We are what we think.
All that we are arises with our thoughts,
with our thoughts we make the world.
Several years ago, I bought a wall hanging with this saying on it. At the time I was surprised that the Buddha had figured out the relationship between our thoughts and our emotions/reality as described by Albert Ellis and Aaron Beck and the 20th-century forerunners and founders of CBT (Cognitive Behavioral Therapy). The Buddha understood the relationship between thoughts and emotions without relying on research!! The cornerstone of CBT is that our emotions and reactions are derived from our thoughts. If we want to change our emotions or reactions, we start by changing thoughts that are not factual, not balanced, or not otherwise useful. CBT calls these kinds of thoughts distorted.
The CBT model teaches people how to restructure distorted thoughts into fact-based, balanced, and helpful ways of understanding an event, ourselves, and the world. The Buddha reminds us that our thoughts are powerful. Like the Buddha, many modern scientists and philosophers believe that our mind is the most powerful part of who we are as human beings. Both the Buddha and CBT invite us to be responsible about how we think about ourselves, others, and the world. Because, it is “with [these] thoughts that we make [our] world,” we create so much of our own reality.
Our own worst enemy cannot harm us as much as our unwise thoughts.
No one can help us as much as her own compassionate thoughts.Buddha’s Little Instruction Book, Jack Kornfield (1994)
The Buddha talks about unwise thoughts in a way that sounds like CBT’s distortions. Specifically, what we say to and think about ourselves profoundly affects us. For those whose thoughts go to harsh judgments and criticisms about who we are, how we look, what we said, what we did, what we should have said and done . . . (you get the picture), life feels small, constrained, dark, and very painful. The Buddha reminds us that that these negative and distorted ways of speaking to and thinking about ourselves and the world cause us more suffering and destruction than our worst enemy can.
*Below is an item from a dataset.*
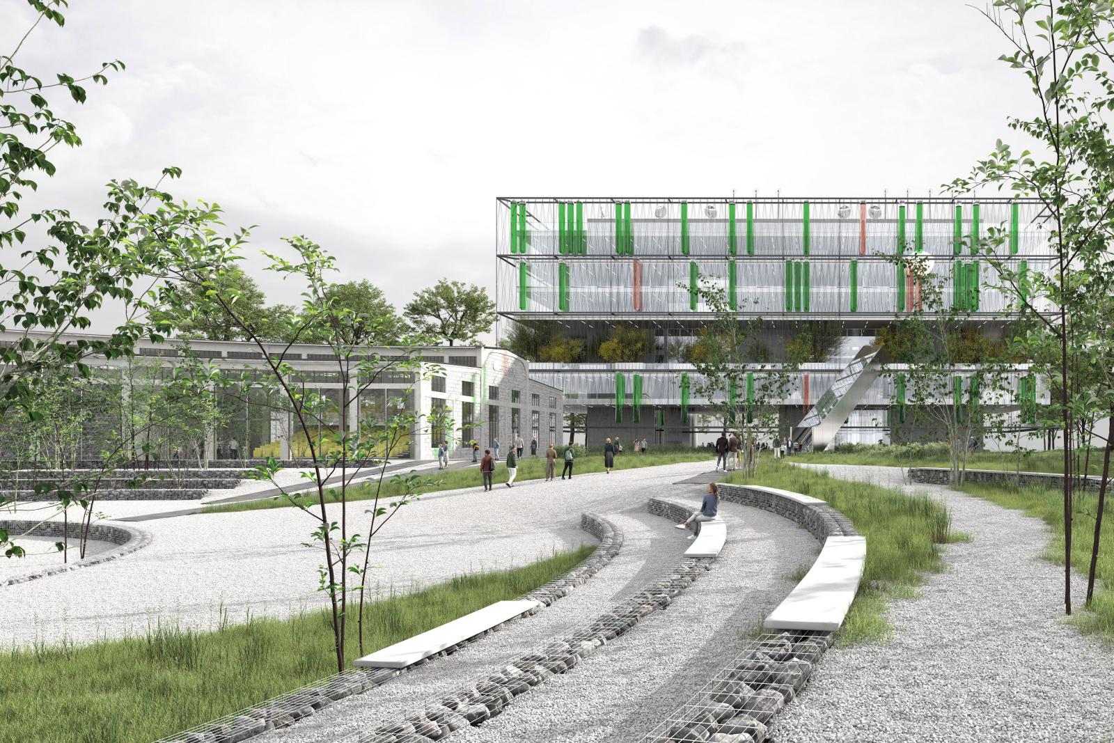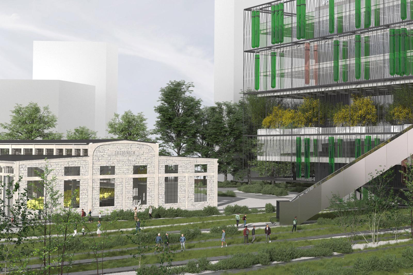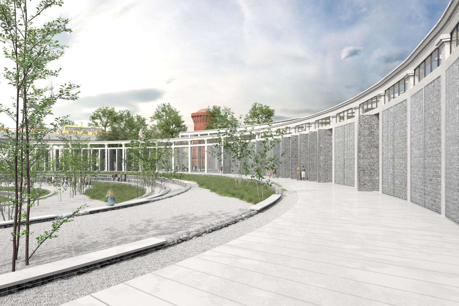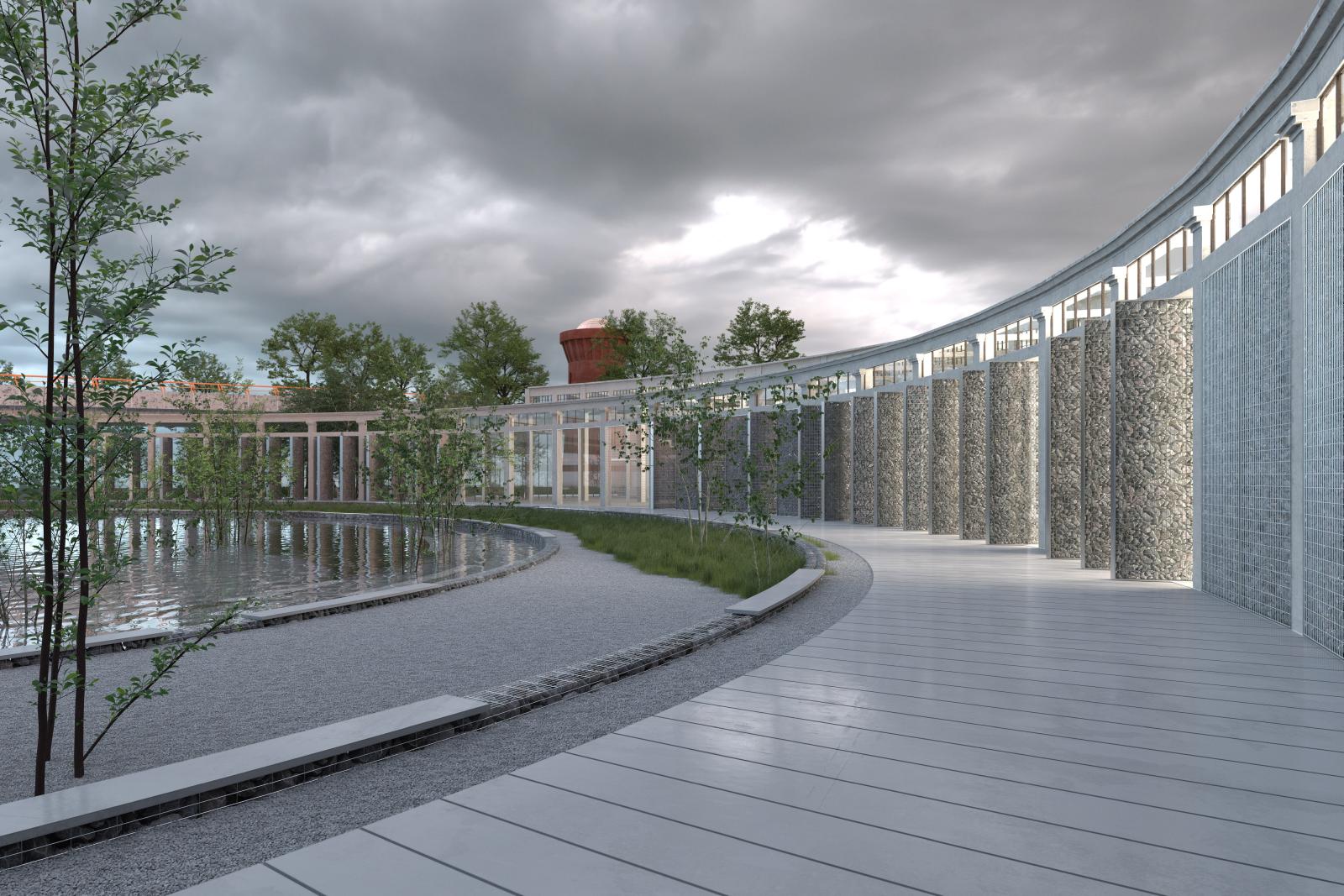 Materijalizacijom novoizgrađenih struktura na lokaciji projekat teži ponovnom ozdravljenju jedinstvene celine koju sada čine Ložionica, Vodotoranj, Aneks i Okretnica sa prirodnim pejzažom u okruženju. Materijalizacija gabionima ispunjenim lokalnim kamenom - kako velikih rotirajućih vrata na mestu ulazaka lokomotiva u Ložionicu, tako i svih kaskada koji čine letnji amfiteatar oko Okretnice, i dalje, kombinacijom sljunkovitih površina sa skoro divlje ozelenjenim zonama evocira se atmosfera stare železnice i vozova. Vodotoranj je u potpunosti rekonstruisan, ali završnom obradom obojen u terakota crvenu nijansu, i služi kao reper u prostoru i znak koji usmerava pogled i kretanje ka Ložionici iz pravca Gazele. Aneks čine savremeni materijali, u duhu progresa kreativne industrije koji predstavlja. Mostarska petlja je mesto ušća Mokroluške reke u Savu. Mokroluška reka teče kroz veštački napravljen podzemni kolektor ispod Autoputa Beograd-Niš, kojim je zatvorena njena prirodna dolina. Lokacija je stoga bogata podzemnim vodama, pa je izrazito sklopa plavljenju tokom jakih olujnih kiša. Novoformirani amfiteatar na mestu Okretnice ujedno služi i kao privremeni kolektor viška olujnih voda, gde podzemne cisterne, šljunkovita podloga i sam volumen amfiteatra privremeno zadržavaju višak vode, i kasnije ga postepeno otpuštaju u okolno zemljano tlo, navodnjavajući ozelenjeni pejzaž. U povremenim, vrednim situacijama mira nakon oluje, ceo otvoreni prostor Okretnice i letnje scene se privremeno transformiše u plitko jezero u kojem se reflektuju obrisi ritmično lučne strukture Ložionice, terakota crveni Vodotoranj, i živopisni koloriti biotehnološke kiseonične opne Aneksa...

The really good news is the reverse. When we bring compassion and balance into what we say to and think about ourselves and the world, great health and healing occur. The Buddha indicates that no external source can be as helpful and powerful as us speaking truthfully to ourselves with compassion. Some examples of health and healing are
- Our mood improves
- Our self-esteem improves
- We become less irritated and impatient with others
- We respond to events with more balance
People just feel better about themselves and their lives. CBT uses the vocabulary of factual, balanced, and helpful thoughts; Buddhism uses the vocabulary of compassion toward ourselves and others. However we get there it is a great place to be!!
A day spent judging another is a painful day.The day spent judging yourself is a painful day.
You don’t have to believe your judgments; they’re simply an old habit.Buddha’s Little Instruction Book, Jack Kornfield (1994)
Judgments are labels we put on things, most often with a pejorative meaning. We use judgments as a way to see ourselves as better than or less than others, instead of seeing the humanity in everyone. Judgments lack compassion and curiosity, a pair worth noting. DBT (Dialectical Behavioral Therapy) is a therapy model related to CBT, but it addresses judgments and judgmental thinking. DBT introduces the state of mind—Wise Mind, which is the balance between emotional thinking and rational thinking. DBT specifically teaches that when we are in a Wise Mind state of being, we are being non-judgmental. CBT and DBT state that we are not our thoughts. Our thoughts are separate from us. We experience and can observe our thoughts; they come and go, and we can let the ineffective, not useful thoughts go.
Words have the power to destroy or heal.
When words are both true and kind, they can change our world.Buddha’s Little Instruction Book, Jack Kornfield (1994)
From our thoughts to our words, the same observations apply. Just as we are encouraged to be responsible with our thoughts about ourselves and others, so too are we reminded to use our words with care when we speak with others. And no hiding behind the defense that anything can be said if it’s “true”! Truth is always to be tempered with kindness, another notable pair. The Buddha reminds us that when we bring together truth and kindness, change to ourselves and the world can occur.
In the introduction to Jack Kornfield’s book Bringing Home the Dharma: Awakening Right Where You Are (2012),Daniel J. Siegal, M.D., a well-published neuroscientist, described Buddhism as “a science of mind and method of healing.” Siegal further explained, “I encountered Buddhism as a system of thought and understanding devoted to alleviating mental pain . . . and linking the mindful brain with the wise heart.” I rest my case, Before CBT (and DBT) there was the Buddha!!
Linda is a certified IFS therapist and also has extensive training in Somatic Experienced–based therapy and Dialectical Behavior Therapy. She has a great deal of experience working with those struggling with eating disorders, depression, trauma, and other life stressors.